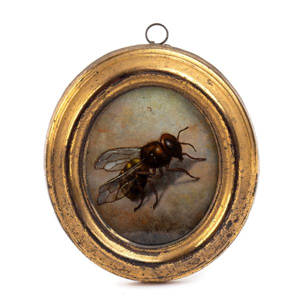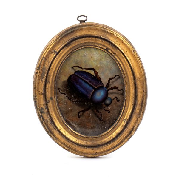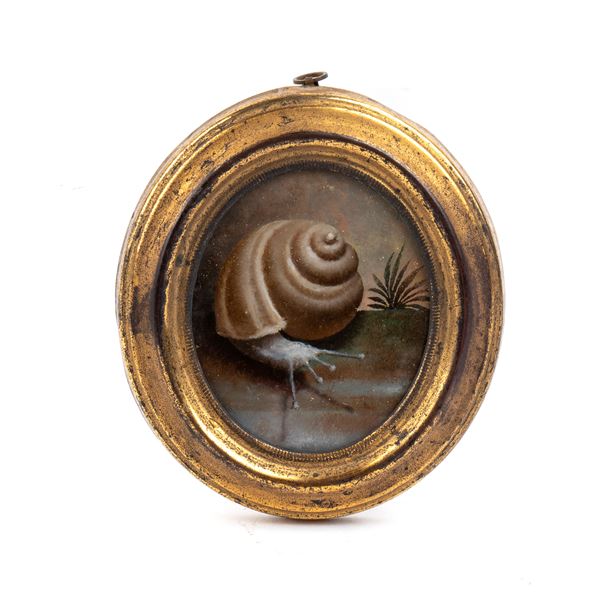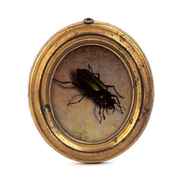 cornici in ottone dorato, di forma ovale, con all'interno tre raffigurazioni di insetti e una di lumaca.
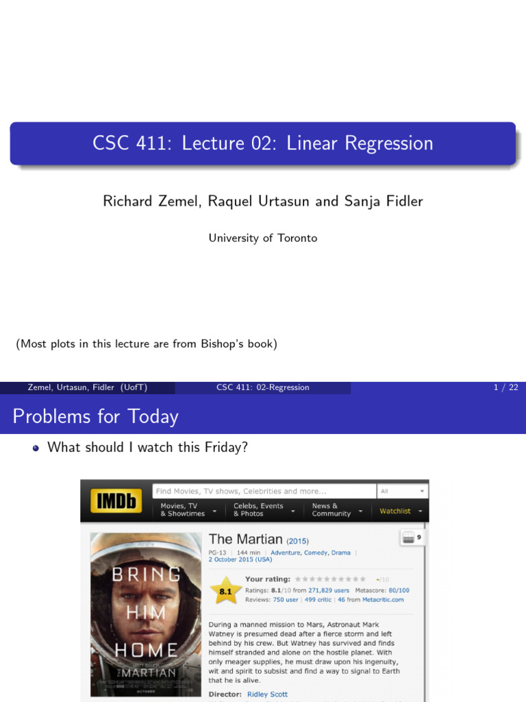 Zemel, Urtasun, Fidler (UofT) CSC 411: 02-Regression 1 / 22
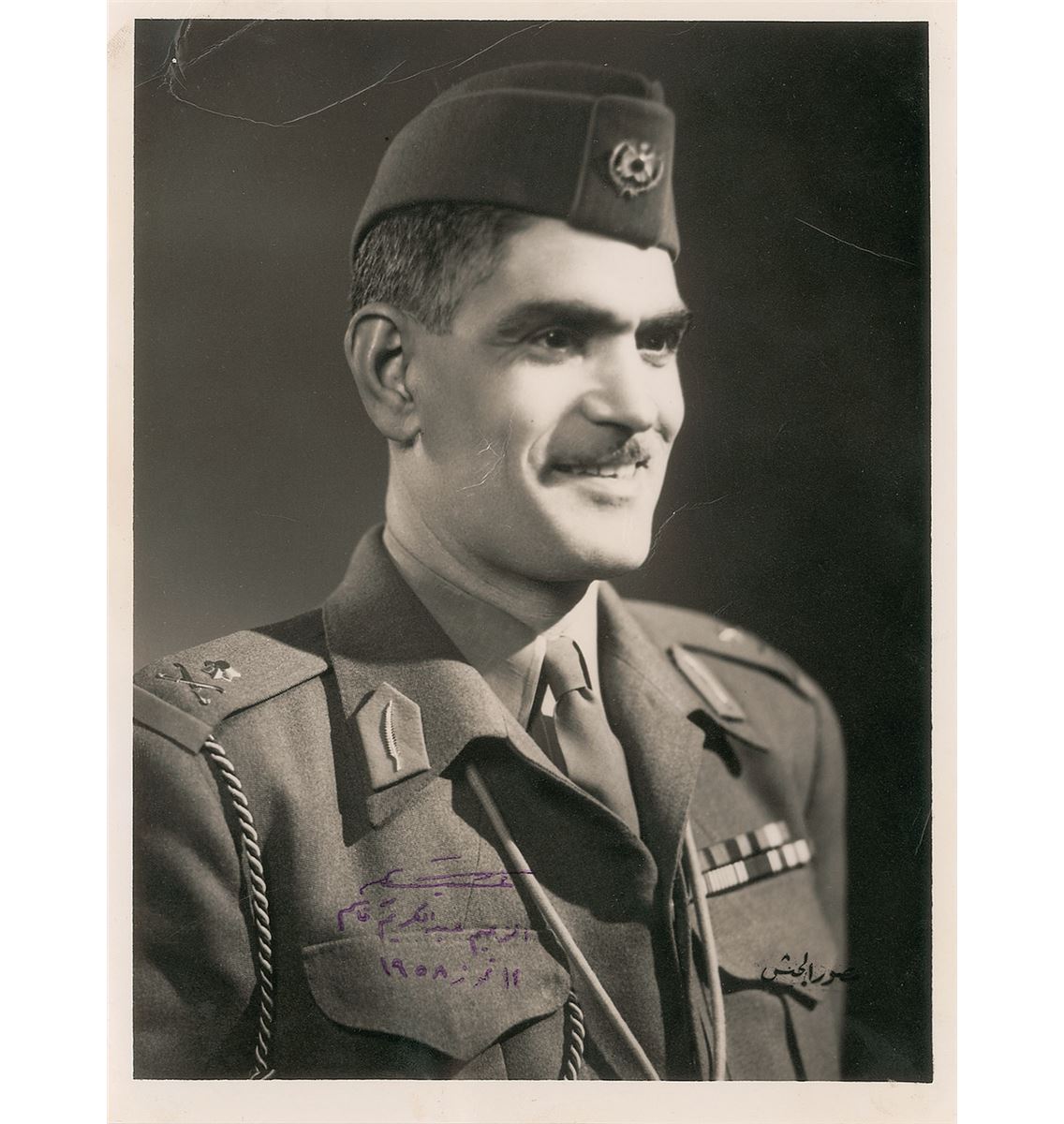 Nationalist Iraqi Army brigadier (1914–1963) who seized power in a 1958 coup d'état and ruled the country as prime minister until his downfall and death during the 1963 Ramadan Revolution. Rare vintage 6 x 8 head-and-shoulders photo of Qasim in his military uniform, signed in purple ink in Arabic. In very good condition, with scattered creases and cracks to finish (most noticeably to his cheek).
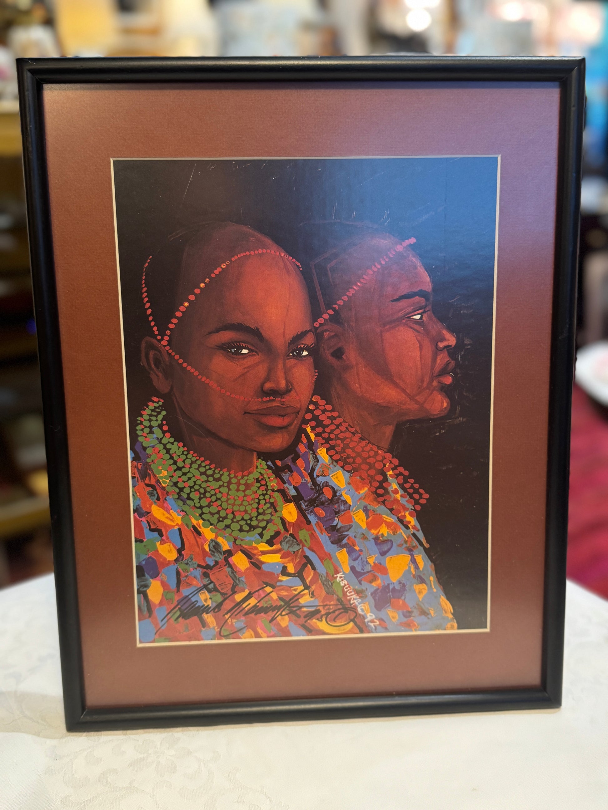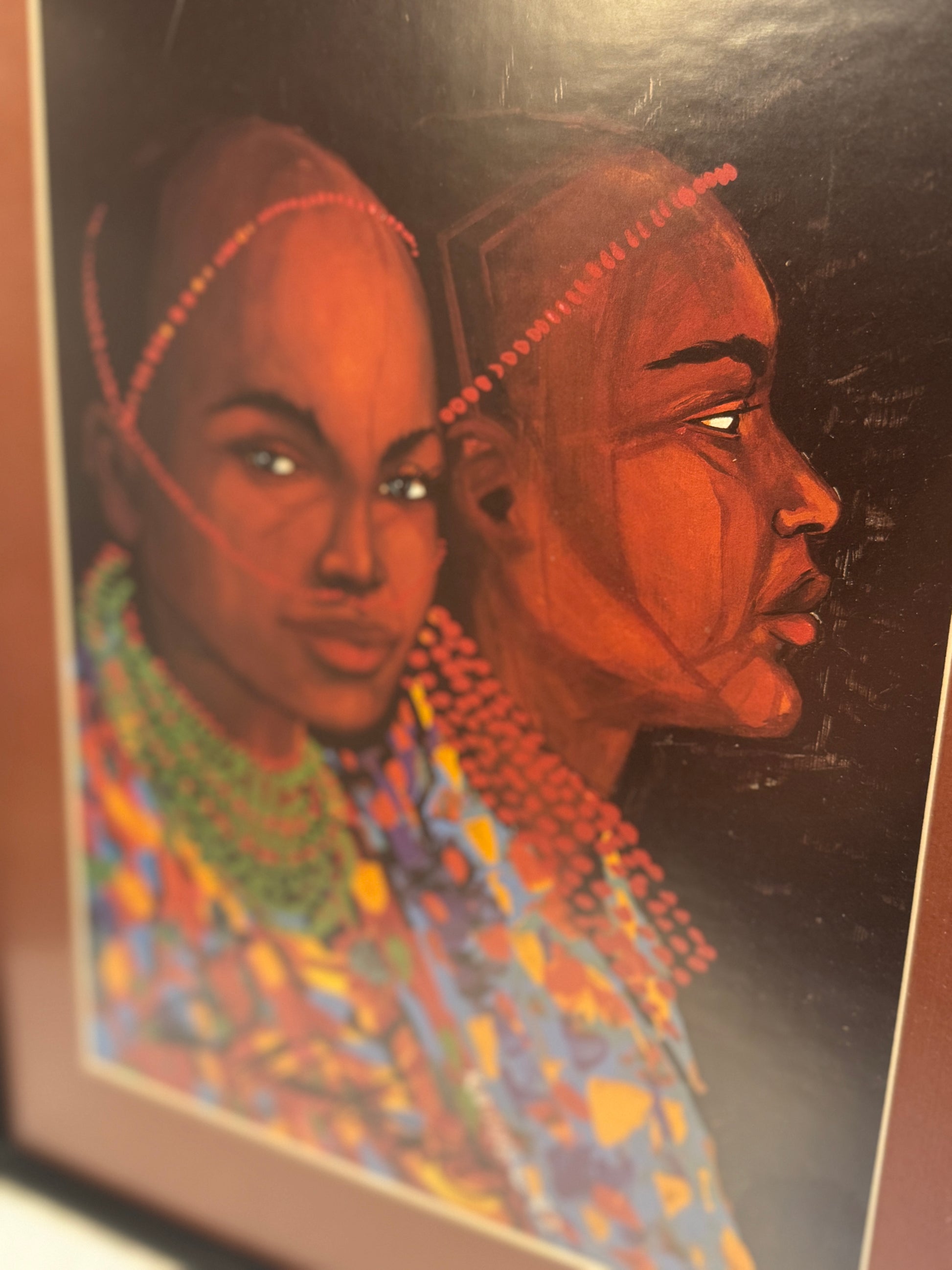 Signed, Matted, Framed Art Print - Twin Sisters by David Kibuuka
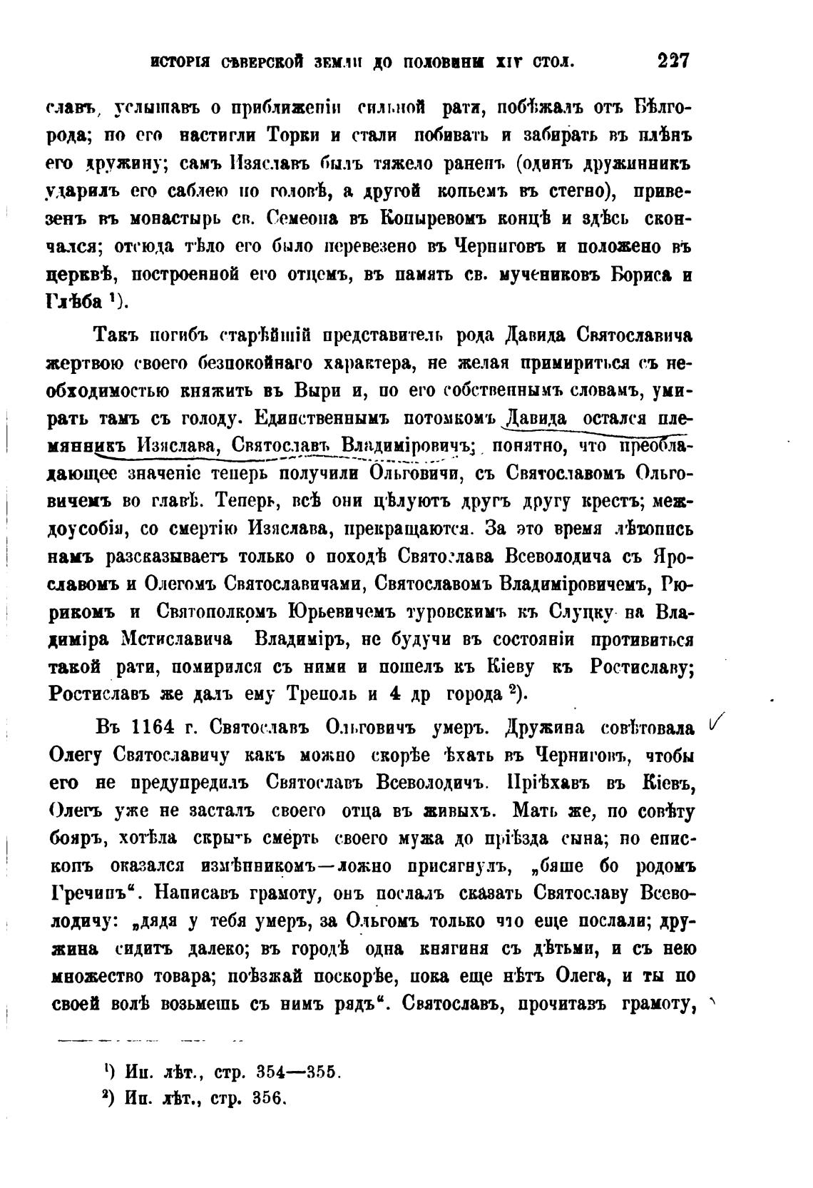 Въ 1164 г. Святославъ Ольговичъ умерь. Дружина
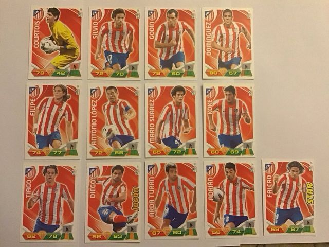 cromos Adrenalyn XL 2011-12 de la plantilla del Atletico de Madrid. se pueden vender sueltos a 0,20€ cada unidad o juntos a 2,50€
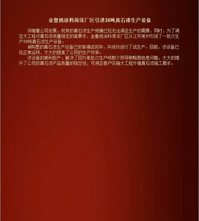 金魯旭菏澤廠區(qū)引進(jìn)35噸真石漆生產(chǎn)設(shè)備
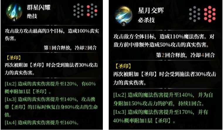 【技能介绍】 ○技能名称:勾魂索魄 攻击敌方攻击最高的2个日标,造成160%的魔 法伤害,并为自身和生命值最低的友军恢复造 成伤害60%的生命值 ○技能名称:致命飞吻 攻击敌方全体,造成60%的魔法伤害并附加【 迷幻毒素】,同时为所有友军恢复80%攻击的 的生命值 ○技能名称:灵魂掌控 每当友军遭受致命伤时,会为其附加【灵魂掌 控】(每个友方角色至多触发1次,整场战斗 至多触发2次)(无法对自身生效) ○觉醒技能效果: 获得【定力】:每回合开始获得15%效果抵抗, 主动行动后失效 【推荐阵容搭配】黑潮、德古拉、贞德、拉斐尔、孙悟空 ※前中期圣魔角色少,建议混搭三系英雄过渡,比如贞德加拉斐尔,混搭4个三系也能有不错的生存与输出能力。 射月女神 露娜篇 亲爱的契约者们: 我是露娜,月光下的舞者,以敏捷的身手和璀璨的魔法照耀着这片永暮之地。今天,我将以我的视角,为你们分享一些在游戏中成长的秘诀和策略。
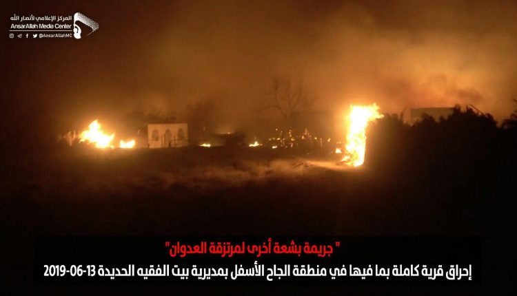 ارتكب مرتزقة العدوان يوم أمس الأول جريمة شنيعة بإحراق قرية بأكملها في بيت الفقيه بمحافظة الحديدة.
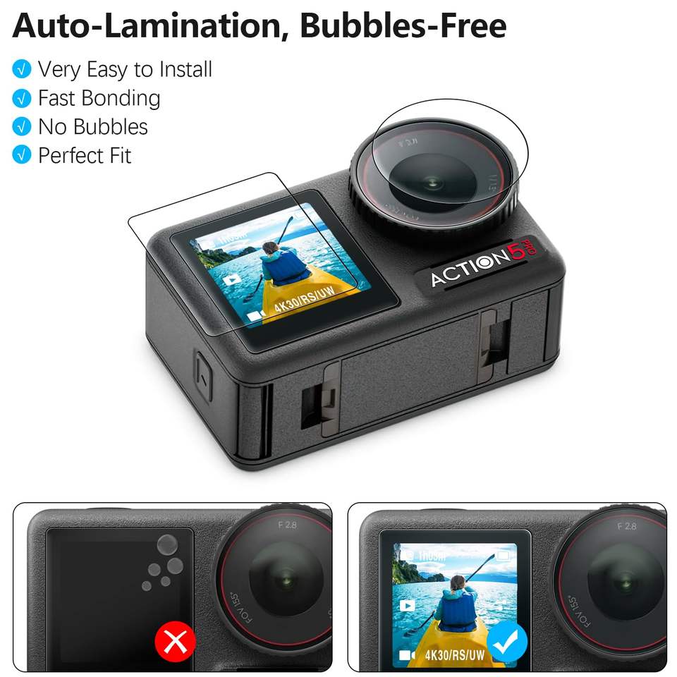 Ensemble Premium Amazear pour DJI Osmo Action 5 Pro, protection d'écran sans bulles, capuchon d'objectif en silicone, accessoires pour caméra sportive
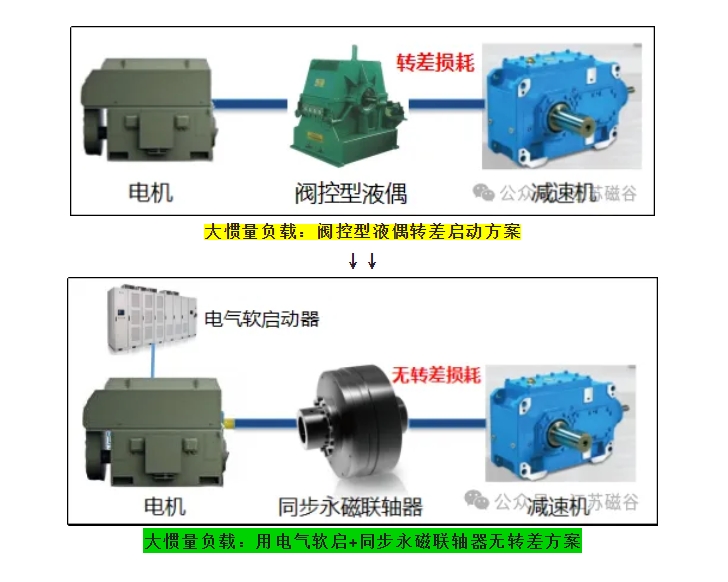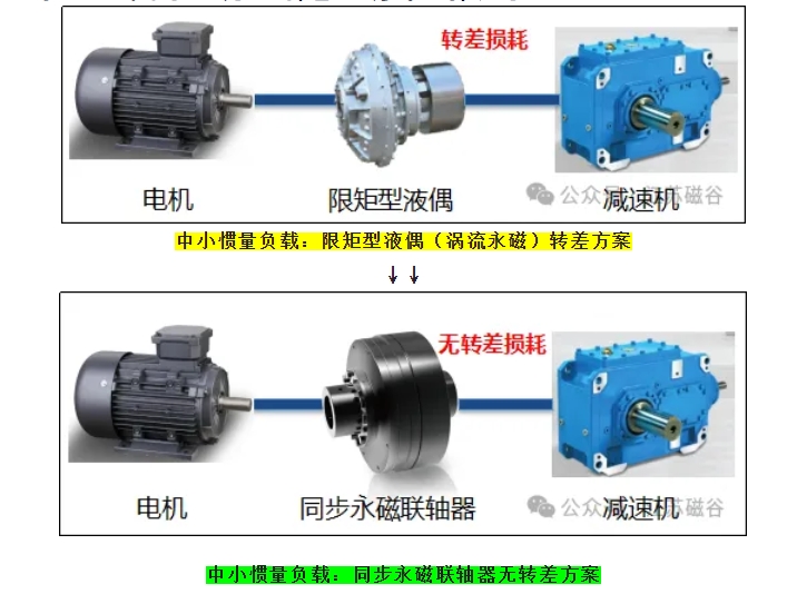 風(fēng)機水泵平方轉(zhuǎn)矩類用液力偶合器或渦流永磁調(diào)速器調(diào)速,電機功率1000kW,調(diào)速比i=80%,轉(zhuǎn)差損耗功率= (80%^2 - 80%^3)*1000 = 63.5kW;按年工作8000小時,電費0.6元/度計算,年耗電費=63.5*8000*0.6=304800(元) 據(jù)估算,(1) 用于緩沖沖擊保護(hù)配套有阻尼類緩沖液力偶合器每年轉(zhuǎn)差損耗為478億千瓦時;(2) 用于風(fēng)機、水泵負(fù)載轉(zhuǎn)差調(diào)速過程每年產(chǎn)生的轉(zhuǎn)差損耗為560億千瓦時;合計轉(zhuǎn)差損耗478+560=1038億千瓦時,占比2022年中國工業(yè)領(lǐng)域電機總用電量3.98萬億千瓦時2.68%。相當(dāng)三峽發(fā)電全年的發(fā)電總量。 【解決緩沖轉(zhuǎn)差損耗策略1】 中小轉(zhuǎn)動慣量負(fù)載優(yōu)先采用無轉(zhuǎn)差彈性緩沖方式啟動和運行。

•••••

What the task requires. Wherever a picture appears in the material above, skip it and copy the rest without change.

Written response.
 cornici in ottone dorato, di forma ovale, con all'interno tre raffigurazioni di insetti e una di lumaca.
 Zemel, Urtasun, Fidler (UofT) CSC 411: 02-Regression 1 / 22
 Nationalist Iraqi Army brigadier (1914–1963) who seized power in a 1958 coup d'état and ruled the country as prime minister until his downfall and death during the 1963 Ramadan Revolution. Rare vintage 6 x 8 head-and-shoulders photo of Qasim in his military uniform, signed in purple ink in Arabic. In very good condition, with scattered creases and cracks to finish (most noticeably to his cheek).
 Signed, Matted, Framed Art Print - Twin Sisters by David Kibuuka
 Въ 1164 г. Святославъ Ольговичъ умерь. Дружина
 cromos Adrenalyn XL 2011-12 de la plantilla del Atletico de Madrid. se pueden vender sueltos a 0,20€ cada unidad o juntos a 2,50€
 金魯旭菏澤廠區(qū)引進(jìn)35噸真石漆生產(chǎn)設(shè)備
 【技能介绍】 ○技能名称:勾魂索魄 攻击敌方攻击最高的2个日标,造成160%的魔 法伤害,并为自身和生命值最低的友军恢复造 成伤害60%的生命值 ○技能名称:致命飞吻 攻击敌方全体,造成60%的魔法伤害并附加【 迷幻毒素】,同时为所有友军恢复80%攻击的 的生命值 ○技能名称:灵魂掌控 每当友军遭受致命伤时,会为其附加【灵魂掌 控】(每个友方角色至多触发1次,整场战斗 至多触发2次)(无法对自身生效) ○觉醒技能效果: 获得【定力】:每回合开始获得15%效果抵抗, 主动行动后失效 【推荐阵容搭配】黑潮、德古拉、贞德、拉斐尔、孙悟空 ※前中期圣魔角色少,建议混搭三系英雄过渡,比如贞德加拉斐尔,混搭4个三系也能有不错的生存与输出能力。 射月女神 露娜篇 亲爱的契约者们: 我是露娜,月光下的舞者,以敏捷的身手和璀璨的魔法照耀着这片永暮之地。今天,我将以我的视角,为你们分享一些在游戏中成长的秘诀和策略。
 ارتكب مرتزقة العدوان يوم أمس الأول جريمة شنيعة بإحراق قرية بأكملها في بيت الفقيه بمحافظة الحديدة.
 Ensemble Premium Amazear pour DJI Osmo Action 5 Pro, protection d'écran sans bulles, capuchon d'objectif en silicone, accessoires pour caméra sportive
 風(fēng)機水泵平方轉(zhuǎn)矩類用液力偶合器或渦流永磁調(diào)速器調(diào)速,電機功率1000kW,調(diào)速比i=80%,轉(zhuǎn)差損耗功率= (80%^2 - 80%^3)*1000 = 63.5kW;按年工作8000小時,電費0.6元/度計算,年耗電費=63.5*8000*0.6=304800(元) 據(jù)估算,(1) 用于緩沖沖擊保護(hù)配套有阻尼類緩沖液力偶合器每年轉(zhuǎn)差損耗為478億千瓦時;(2) 用于風(fēng)機、水泵負(fù)載轉(zhuǎn)差調(diào)速過程每年產(chǎn)生的轉(zhuǎn)差損耗為560億千瓦時;合計轉(zhuǎn)差損耗478+560=1038億千瓦時,占比2022年中國工業(yè)領(lǐng)域電機總用電量3.98萬億千瓦時2.68%。相當(dāng)三峽發(fā)電全年的發(fā)電總量。 【解決緩沖轉(zhuǎn)差損耗策略1】 中小轉(zhuǎn)動慣量負(fù)載優(yōu)先采用無轉(zhuǎn)差彈性緩沖方式啟動和運行。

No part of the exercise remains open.